§ AIM OF THE TASK
Ignoring the pictures, copy the data exactly.

§ SUPPLIED MATERIAL
------------------------------------------------

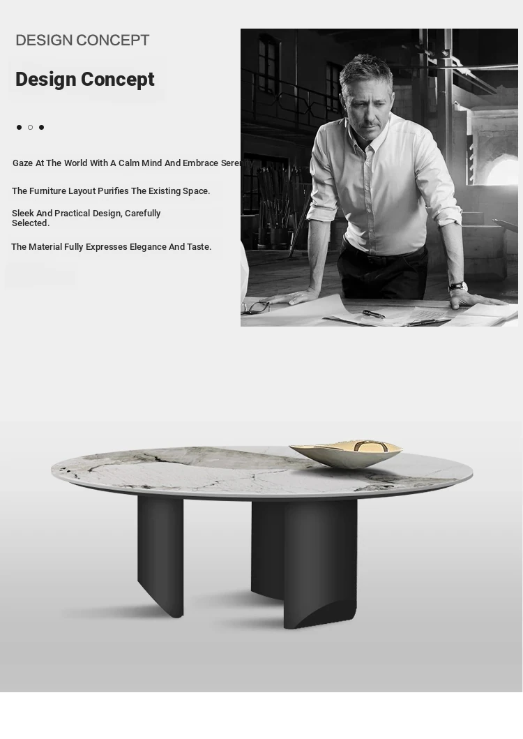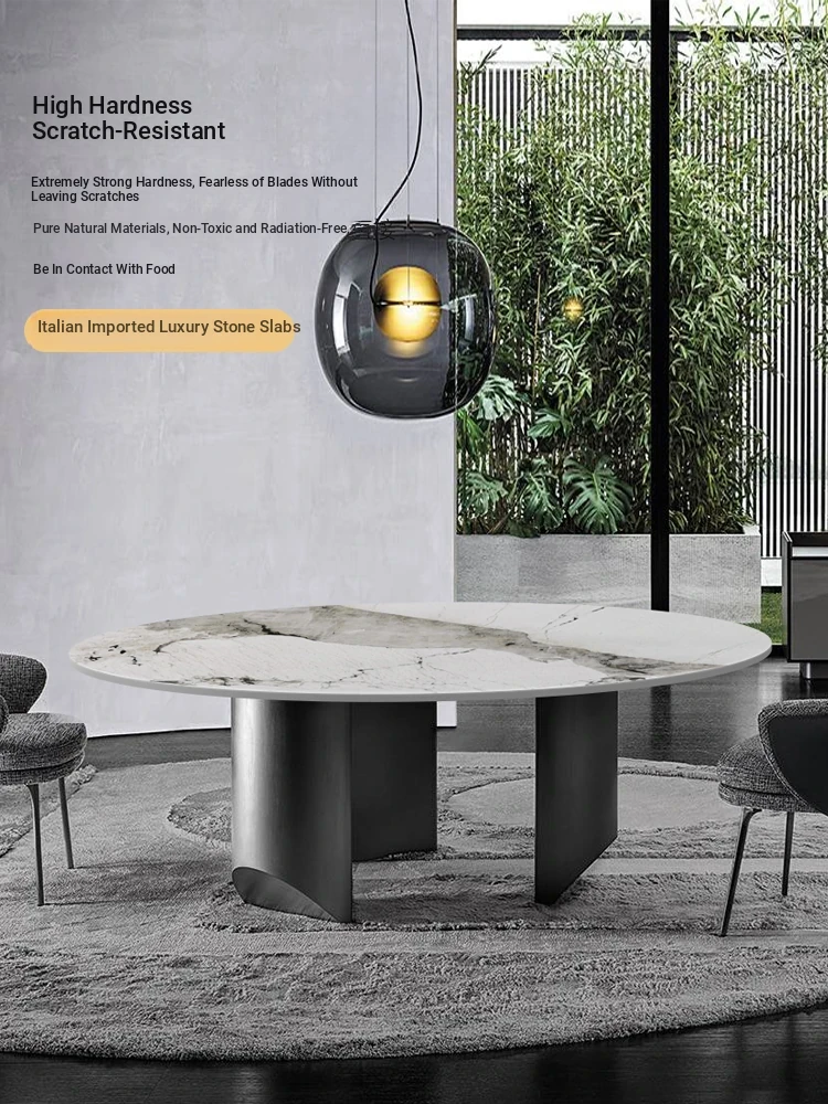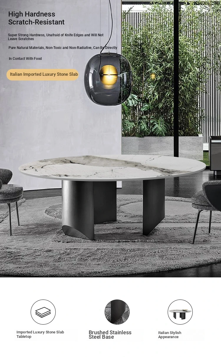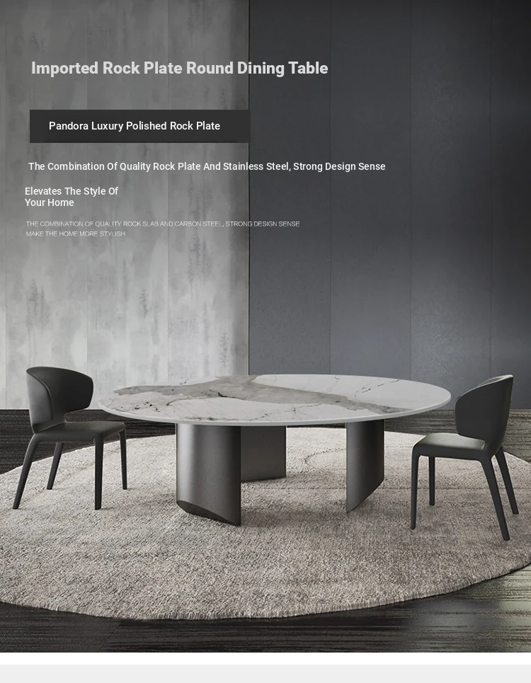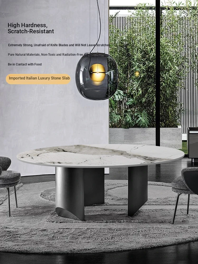 Minimalist Luxury Round Dining Table - 1.8m Embedded Design with Stainless Steel Base, Perfect for Modern Interiors and Creative Spaces
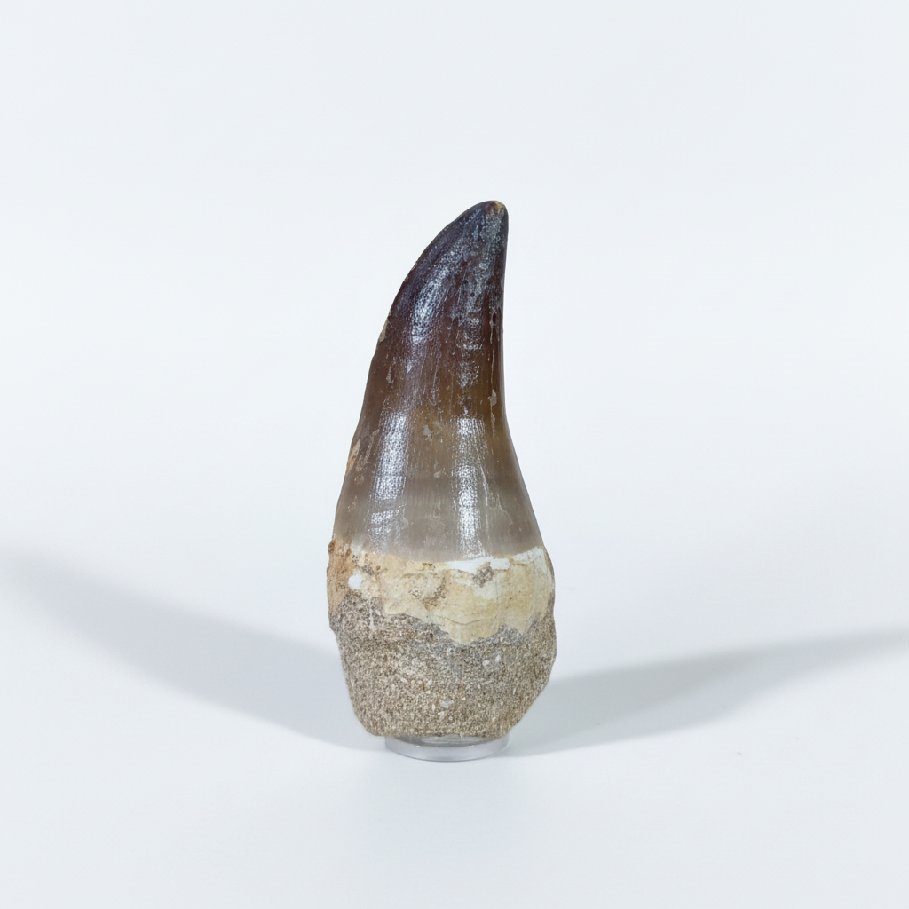 This is a high-quality 2.6″ fossil MOSASAUR Tooth (Prognathodon Anceps.) tooth Big species of Mosasaurus sourced from the Late Cretaceous phosphate deposits within the Oulad Abdoun Basin of Morocco. Renowned for its exceptional preservation, this tooth is a prized specimen for collectors and buyers alike.
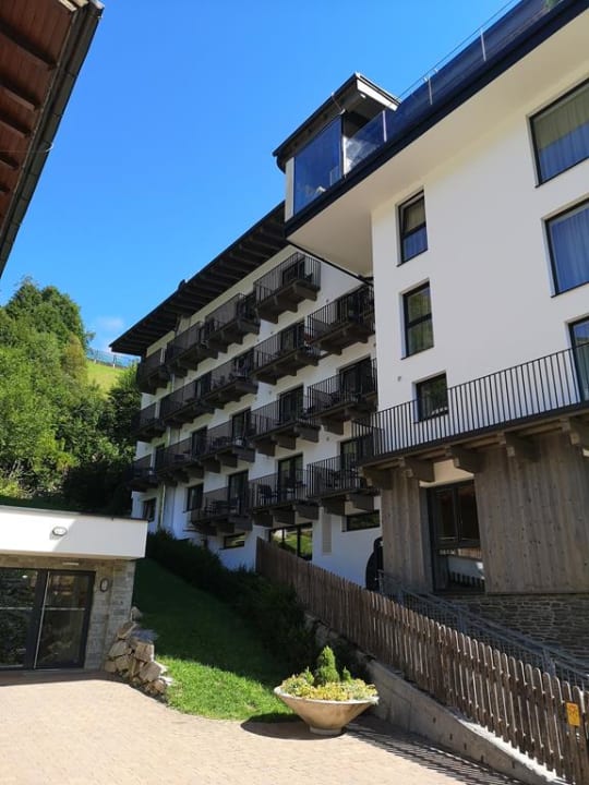 Seitenansicht Hotel. Zimmer mit seitlicher Sicht zum Dorf und den Bergen. Zi. 307 2. von rechts.
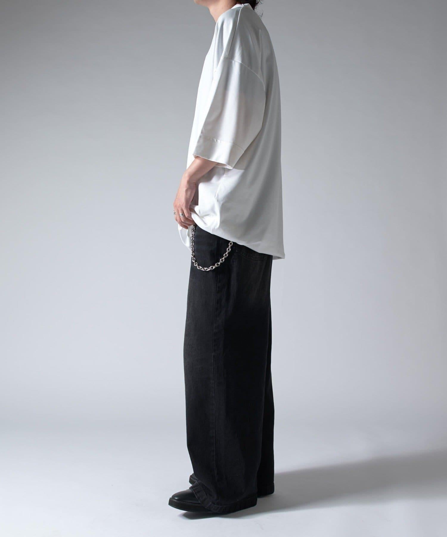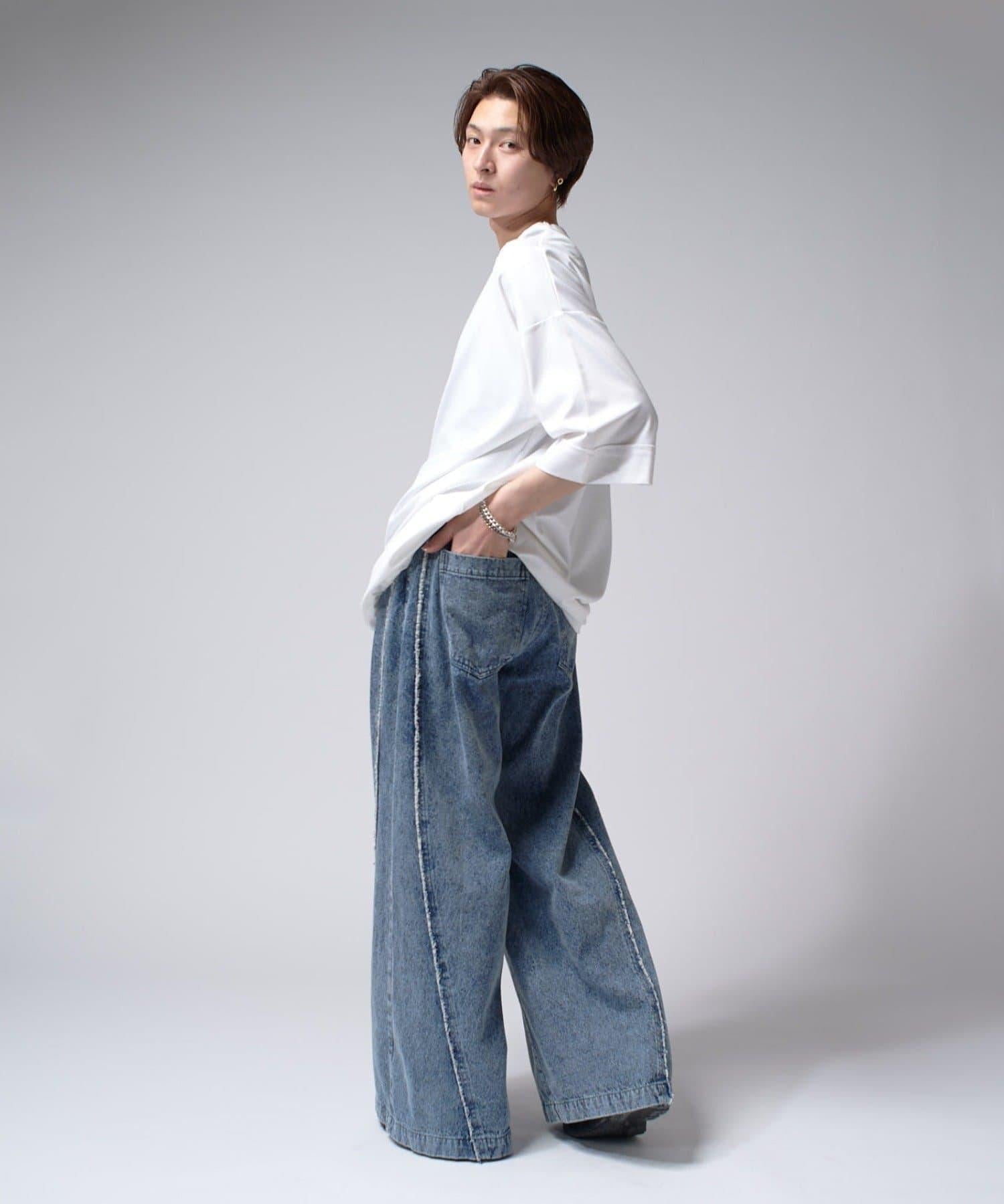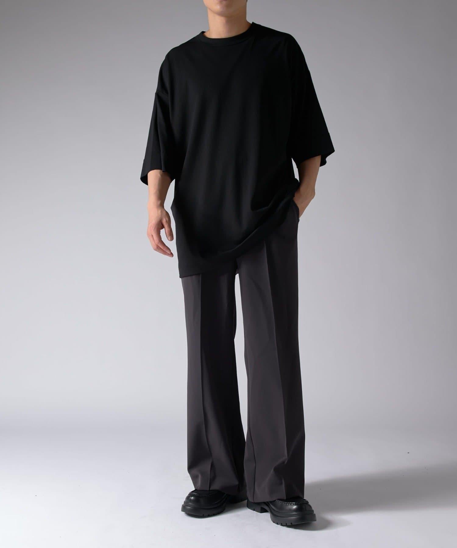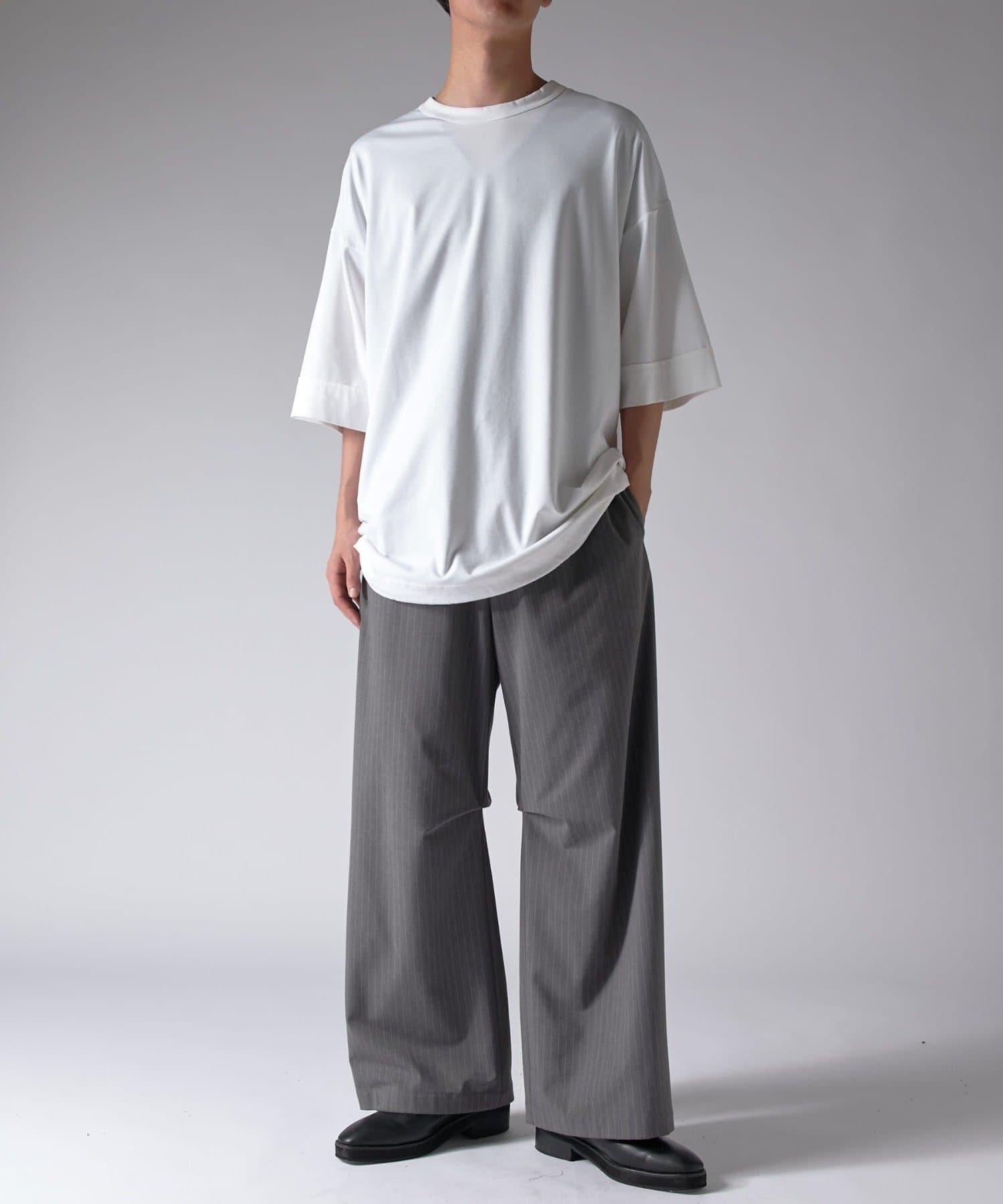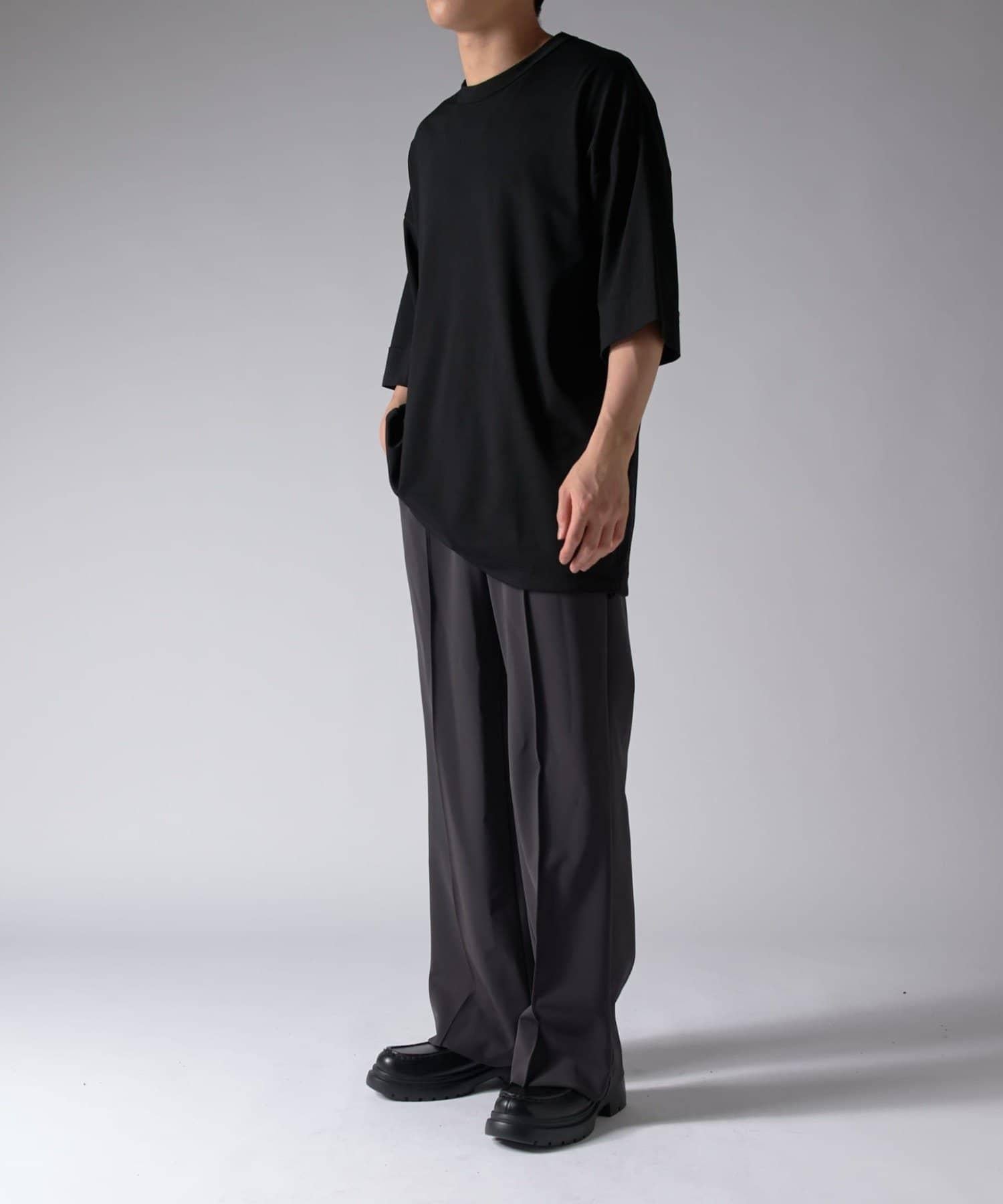 這款單品可以讓你享受純色 T 的存在感。另外,下襬處有抽繩,可通過擠壓長度和廓形進行調節。

------------------------------------------------

§ OUTPUT BELOW
 Minimalist Luxury Round Dining Table - 1.8m Embedded Design with Stainless Steel Base, Perfect for Modern Interiors and Creative Spaces
 This is a high-quality 2.6″ fossil MOSASAUR Tooth (Prognathodon Anceps.) tooth Big species of Mosasaurus sourced from the Late Cretaceous phosphate deposits within the Oulad Abdoun Basin of Morocco. Renowned for its exceptional preservation, this tooth is a prized specimen for collectors and buyers alike.
 Seitenansicht Hotel. Zimmer mit seitlicher Sicht zum Dorf und den Bergen. Zi. 307 2. von rechts.
 這款單品可以讓你享受純色 T 的存在感。另外,下襬處有抽繩,可通過擠壓長度和廓形進行調節。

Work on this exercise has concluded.